**Action item:**
Set down exactly the lines below, starting at the one that contains "GENERAL MACHINE PRODUCTS" and ending at the one that contains "2023级本科生国家奖学金获", with both of those lines included and nothing else.

**The records:**
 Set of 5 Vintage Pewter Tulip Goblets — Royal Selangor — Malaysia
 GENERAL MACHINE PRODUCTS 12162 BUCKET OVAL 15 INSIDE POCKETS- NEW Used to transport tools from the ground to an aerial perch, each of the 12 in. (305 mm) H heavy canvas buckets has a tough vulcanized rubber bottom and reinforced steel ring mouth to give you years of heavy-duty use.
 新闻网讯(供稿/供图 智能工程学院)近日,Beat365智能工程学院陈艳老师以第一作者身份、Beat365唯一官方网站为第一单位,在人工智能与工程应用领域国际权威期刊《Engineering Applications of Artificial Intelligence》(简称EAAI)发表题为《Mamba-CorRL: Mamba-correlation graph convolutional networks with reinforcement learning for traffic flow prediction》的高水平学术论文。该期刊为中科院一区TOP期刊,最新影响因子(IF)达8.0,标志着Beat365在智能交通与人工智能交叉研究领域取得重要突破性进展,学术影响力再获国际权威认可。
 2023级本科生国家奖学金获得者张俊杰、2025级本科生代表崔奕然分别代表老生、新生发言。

--

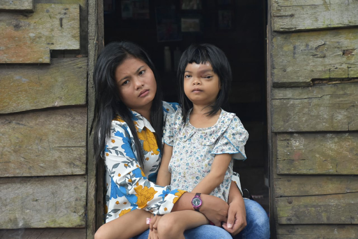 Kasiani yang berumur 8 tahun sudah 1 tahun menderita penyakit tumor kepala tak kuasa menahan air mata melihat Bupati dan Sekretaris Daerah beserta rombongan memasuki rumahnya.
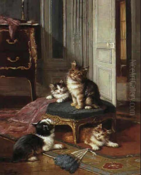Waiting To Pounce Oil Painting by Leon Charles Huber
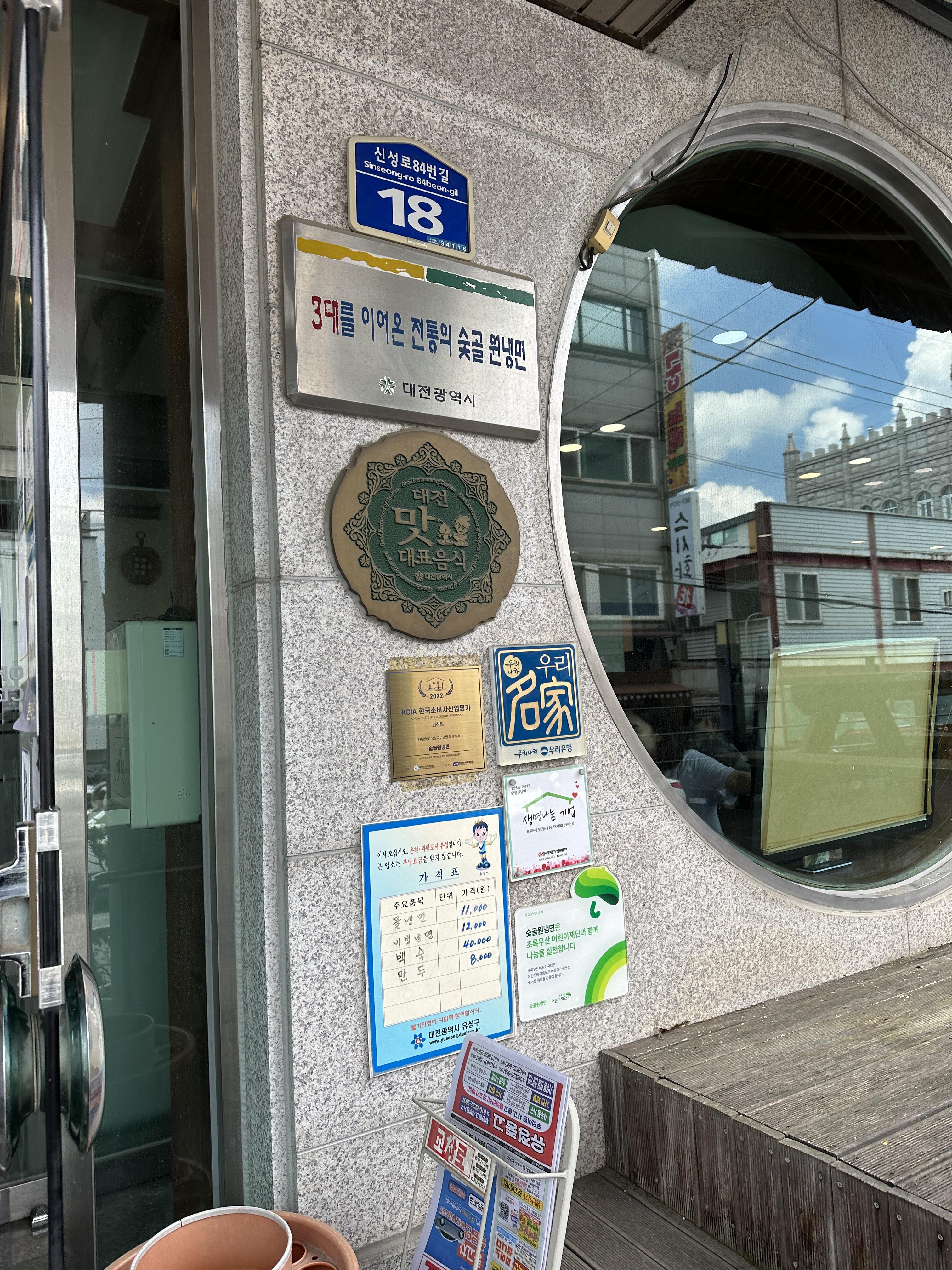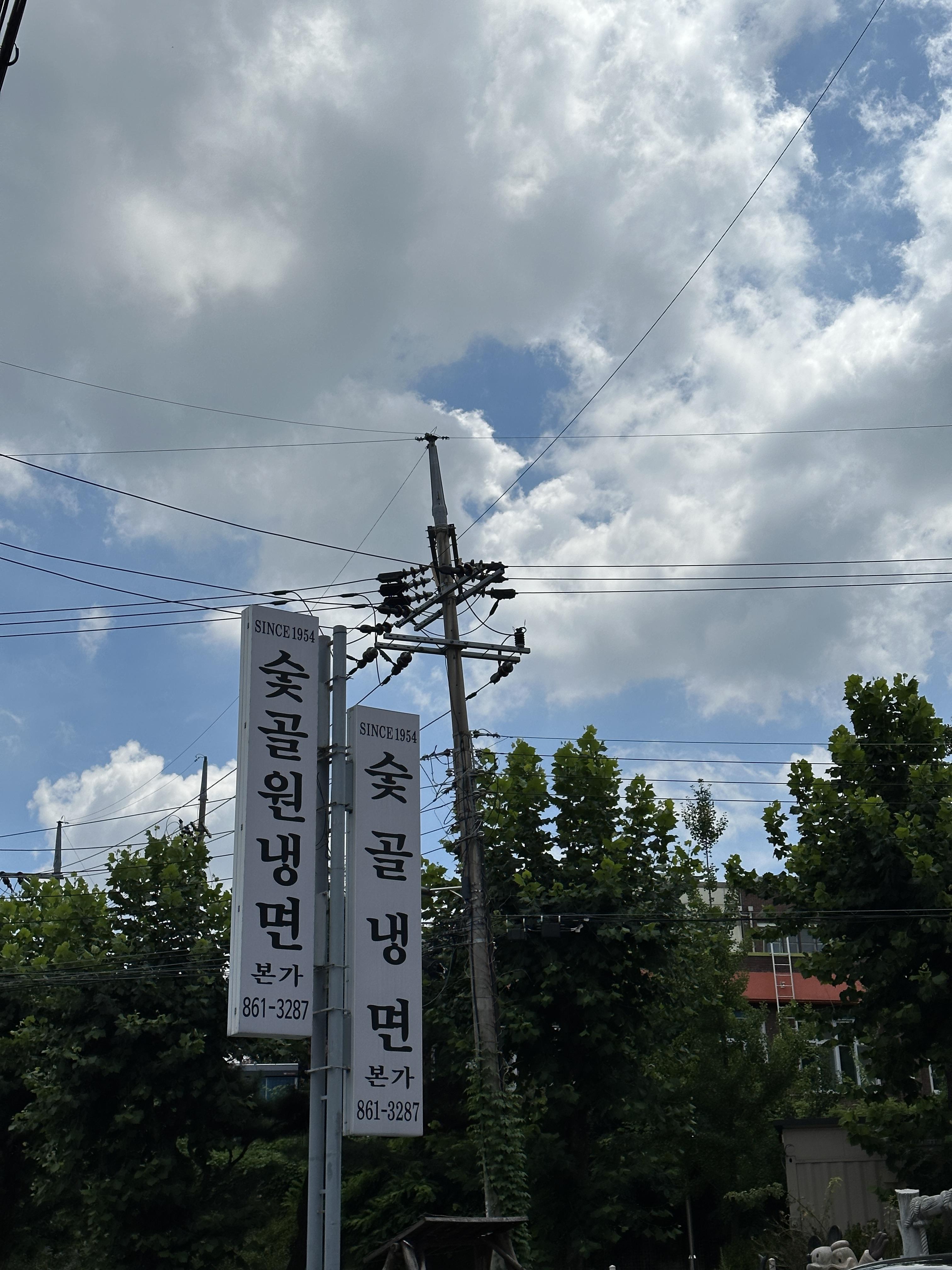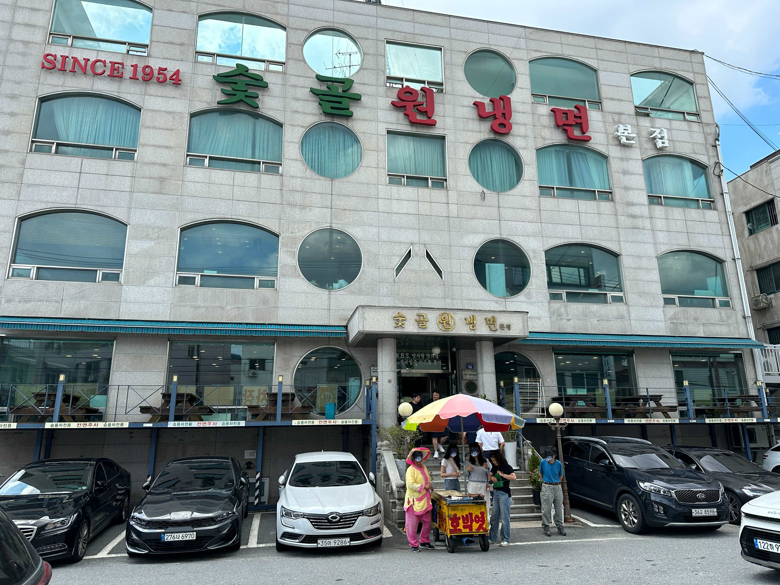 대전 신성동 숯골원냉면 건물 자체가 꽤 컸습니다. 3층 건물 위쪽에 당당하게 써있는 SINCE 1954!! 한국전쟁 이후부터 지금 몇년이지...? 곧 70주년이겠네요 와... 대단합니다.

...

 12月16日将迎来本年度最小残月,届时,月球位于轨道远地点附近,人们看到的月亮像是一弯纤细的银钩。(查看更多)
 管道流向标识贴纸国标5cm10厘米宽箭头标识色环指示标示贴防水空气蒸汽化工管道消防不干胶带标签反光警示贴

**Exercise solution:**
 GENERAL MACHINE PRODUCTS 12162 BUCKET OVAL 15 INSIDE POCKETS- NEW Used to transport tools from the ground to an aerial perch, each of the 12 in. (305 mm) H heavy canvas buckets has a tough vulcanized rubber bottom and reinforced steel ring mouth to give you years of heavy-duty use.
 新闻网讯(供稿/供图 智能工程学院)近日,Beat365智能工程学院陈艳老师以第一作者身份、Beat365唯一官方网站为第一单位,在人工智能与工程应用领域国际权威期刊《Engineering Applications of Artificial Intelligence》(简称EAAI)发表题为《Mamba-CorRL: Mamba-correlation graph convolutional networks with reinforcement learning for traffic flow prediction》的高水平学术论文。该期刊为中科院一区TOP期刊,最新影响因子(IF)达8.0,标志着Beat365在智能交通与人工智能交叉研究领域取得重要突破性进展,学术影响力再获国际权威认可。
 2023级本科生国家奖学金获得者张俊杰、2025级本科生代表崔奕然分别代表老生、新生发言。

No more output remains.